Renate Stecher (, ; née Meißner, born 12 May 1950) is a German (former East German) sprint runner and a triple Olympic champion. She held 34 world records and was the first woman to run 100 metres within 11 seconds.

Biography
Born as Renate Meißner, she was a very talented athlete, also competing in the high jump and pentathlon. She debuted internationally at the 1969 European Championships, where she – as a last minute substitute – won a silver medal in the 200 m and a gold in the 4 × 100 m relay.

In 1970 she was the World Student Games Champion in both the 100 and 200 metres.

At the next European Championships, in 1971, she won both the 100 and 200 m and the silver in the relay. At that time, she was already competing as Renate Stecher, having married hurdler Gerd Stecher the previous year.

At the 1972 Summer Olympics, Stecher repeated that performance. She won the 100 m in time of 11.07, which was only in 1976 recognised as world record, which had been measured in tenths of seconds before (the times in tenths were later corrected). She also equalled the world record in the 200 meters with a time of 22.40.  The following year, Stecher set (hand timed) world records in both sprint events, also becoming the first woman to beat 11 seconds. She clocked 10.9 and 10.8 for the 100 metres and 22.1 for the 200 metres.

Stecher also won the 200 m. Wilma van den Berg of the Netherlands had qualified for the semifinals, and the 23.22 that she ran in the quarterfinals was faster than the time in the quarterfinals of Stecher.  However, after the killing of 11 Israeli athletes in the Munich Massacre, and the Olympics not being cancelled, van den Berg withdrew from the competition in sympathy with the Israeli victims. She said that she was leaving in protest of the "obscene" decision to continue with the Olympic Games. 

In Rome at the 1974 European Championships she was defeated in both the 100 m and 200 m, by Irena Szewińska of Poland and had to settle for silver in both distances. However the GDR 4 × 100 m relay team, in which Stecher ran the second leg, won the gold medal in a world record time.
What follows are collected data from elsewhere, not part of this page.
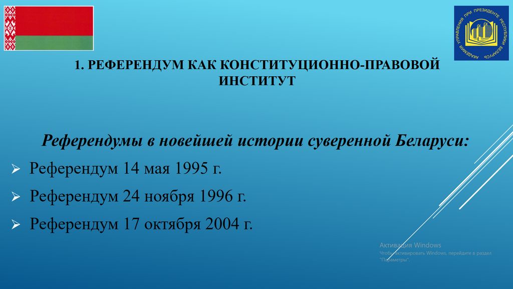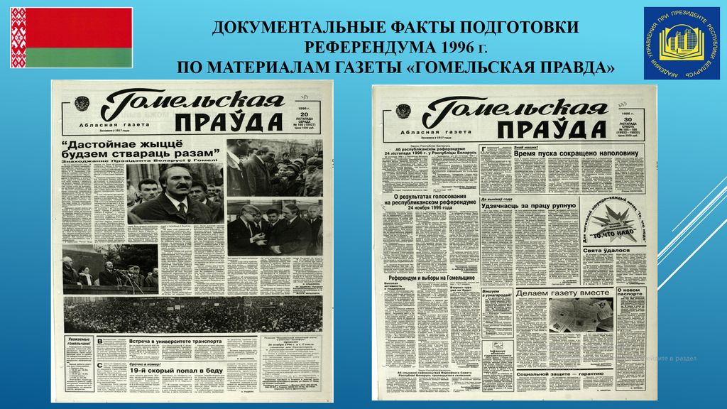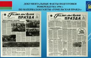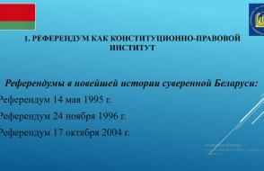 В докладе была дана характеристика референдуму как конституционно-правовому институту, представлен международный опыт проведения референдумов, рассмотрена типология референдумов, используемых в мировой практике, и обозначены виды референдумов, которые проводятся в Республике Беларусь. В выступлении рассмотрен механизм и правовые нормы организации народного голосования в нашей стране, освещены вопросы и итоги голосования в 1995 и 1996 годах, представлены документальные факты референдума 1996 г. по материалам газеты «Гомельская правда».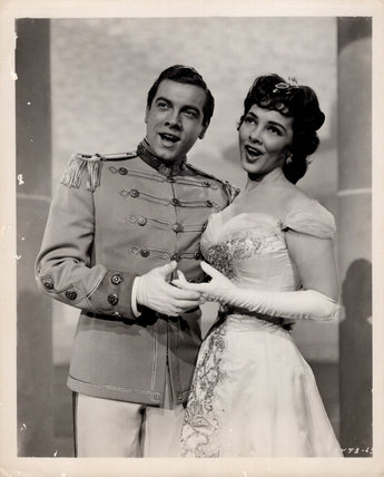 This vintage gelatin-silver print photograph captures Kathryn Grayson and Mario Lanza in the 1949 movie "That Midnight Kiss". The black and white image measures 8 x 10 inches and features the two actors in a scene. The photo is an original production technique and is not a licensed reprint. The actress and actor are dressed in movie costumes, with Grayson holding a bouquet of flowers. This collectible item would make a great addition to any vintage Hollywood or movie memorabilia collection.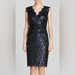 Tadashi Shoji Embroidered Sequin Lace Banded Navy Black Sheath Cocktail Dress

At the 1976 Summer Olympics, Stecher again competed in the three sprint events, winning medals in all three once again. She was beaten for the 100 m title by Annegret Richter, and came third in a 200 m race with five German women in the first five positions. With the 4 × 100 m relay team they beat West Germany, taking revenge for the race four years earlier.

Retirement
Following the release of East German secret service files, it was revealed that many of the country's athletes were involved with a state-sponsored drug program. The files document that Stecher had wanted to step down her drug use after the 1972 Olympics, so that she could safely have children. Raelene Boyle, who had finished second to Stecher in both the 100 and 200 metres at the Olympics, stated that she felt cheated, as she believed it unlikely that Stecher would have beaten her without the use of performance-enhancing drugs.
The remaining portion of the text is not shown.